Meta-learning algorithms that perform fast transfer learning on multiple tasks lead to significant improvements in sample efficiency and performance (ProMP (Rothfuss et al.), PEARL (Rakelly et al.)). These improvements bring us closer to the “ImageNet moment of reinforcement learning,” where we can use control strategies learned on other tasks rather than train strategies from scratch (something that is still not possible on complex tasks at present).

A large portion of the papers accepted by ICLR 2019, as well as all of the papers presented in Structure and Priors in RL (SPiRL) Workshop, are on how to integrate environmental knowledge into learning algorithms. While one of the main advantages of earlier deep reinforcement learning algorithms was generality (for example, DQN used the same architecture for all Atari games without knowing any particular game), the new algorithm shows that integrating prior knowledge can help solve more complex tasks. For example, in the Transporter Network (Jakab et al.), agents use prior knowledge to perform structural explorations with more information.

In summary, over the past five years, the reinforcement learning community has developed a number of effective tools to solve model-free reinforcement learning challenges. Now, it’s time to come up with more sample-efficient, transferable algorithms to leverage reinforcement learning for real-world problems.

In addition, Sergey Levine may have received the most papers this year, with 15.

8. Most accepted papers are quickly forgotten

At the conference, I asked a prominent researcher what he thought of this year’s acceptance papers. “Most papers are forgotten as soon as the conference is over,” he chuckles. In a field as fast moving as machine learning, where SOTA results can be broken within weeks or even days, it is not surprising that most accepted papers are surpassed before they are formally presented. For example, seven of the eight adversarial sample papers in THE ICLR 2018 papers had already been broken before the conference began.

One comment I often hear at conferences is that papers are accepted/rejected randomly. I won’t name names, but some papers that are well known or highly cited have been rejected. In addition, many of the accepted papers may go uncited.

As a member of this field, I often face existential crises. Whatever inspiration I came up with, it seemed that someone else was already doing it, better and faster. If a paper doesn’t help anyone, what’s the point of publishing it? Who can help me out!

conclusion

Of course, there are many trends that are not covered, such as:

• Optimization versus regularization: The debate between Adam and SGD continues. This year’s ICLR conference presented a number of new technologies, some of them quite exciting. It seems that every lab is developing its own optimizer, and so is our team.

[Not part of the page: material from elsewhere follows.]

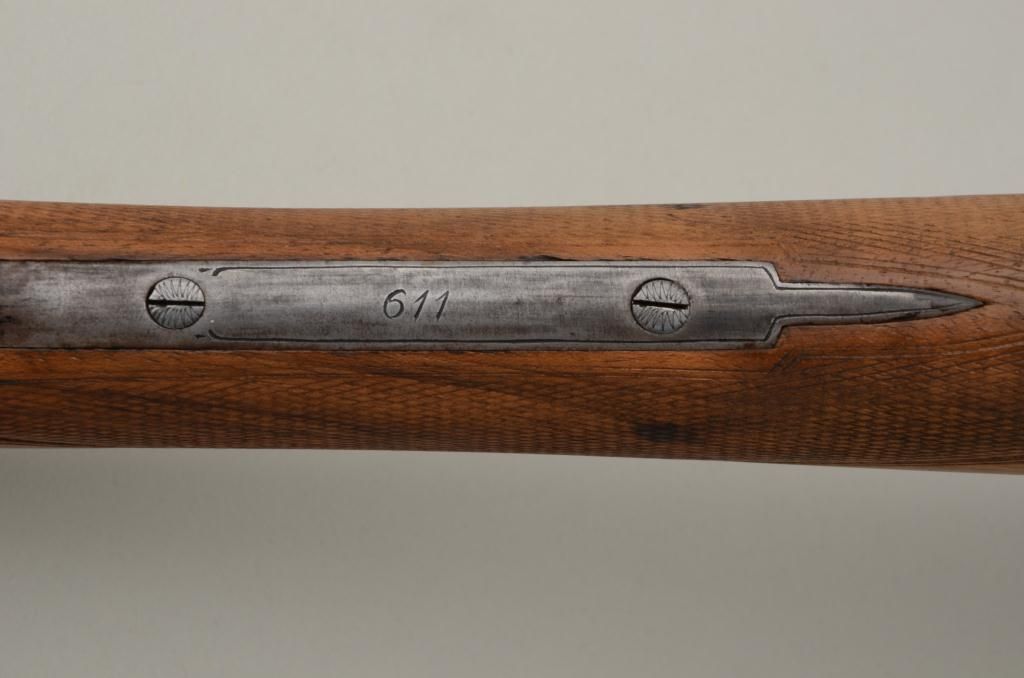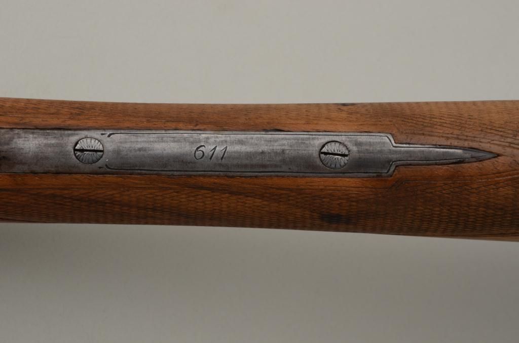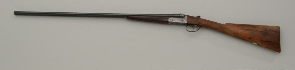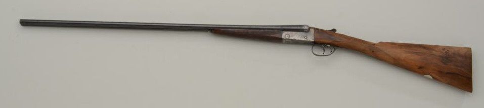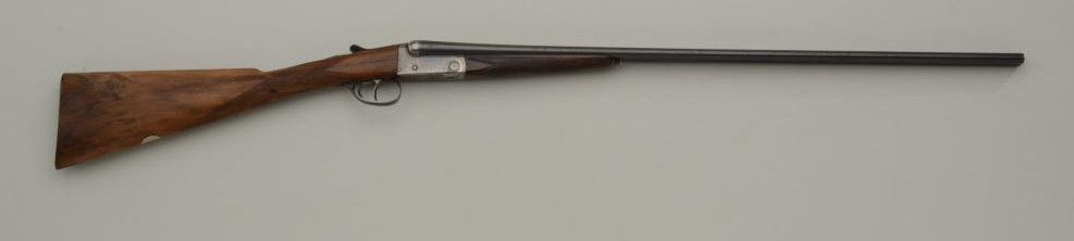 .410 gauge double barrel SxS shotgun marked 4160 on the rib with box lock action, automatic ejectors, English style straight stock, Belgian proofed, serial numbered 611 on trigger guard. The barrels measure 281/16” and the gun is 44 and nearly¾ inches in length. The arm is choked cylinder right and extra full left. The stock measures 14 ½ inches to the end of the checkered wood butt. The barrels retain approximately 75% to 85%original blue and the frame shows 40% to 60% case hardening naturally toning and aging with a small amount of scattered erosion and pitting on the barrels and frame. The box lock action shows a removable bottom platewhich retains most of its blue. The gun is proofed only with Belgian proofs of the smokeless era and shows 2 ¾” chambers with very good bores that may clean to excellent. The gun locks tight and there’s no mechanical problems. The stock has had some light sanding and stripping on the butt stock and needs a coat of finish. The forend shows a light refinishing and is good. A very attractive and light .410 with long barrels
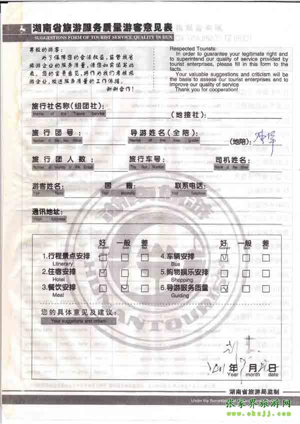 - 游客夏先生為表?yè)P(yáng)導(dǎo)游李姣姣寫(xiě)來(lái)表?yè)P(yáng)信致我張家界... [14811]

• Evaluating metrics: As the generation model becomes more popular, it is inevitable that we will need to come up with new metrics to evaluate the generated output.

If you’d like to learn more, David Abel has released a 55-page ICLR 2019 note. For those who want to know what’s hot in ICLR 2019, this chart will help:

It seems that I should have written A paper called “A robust Probabilistic Framework for Universal, Transferrable Unsupervised meta-learning.”

I really enjoyed ICLR, it was big enough to find a lot of like-minded friends, but small enough not to have to queue for everything, and 4 days was just right. NeurIPS, by contrast, are a little too long, and four days into the meeting I’m looking at Poster and thinking, “Look at all this knowledge, I should have it by now, but I don’t want to.”

What I gained most from ICLR was not only ideas, but also motivation. The remarkable work of many researchers my age has opened my eyes to the beauty of research and inspired me to work harder. It’s also nice to spend a week catching up on papers and seeing old friends.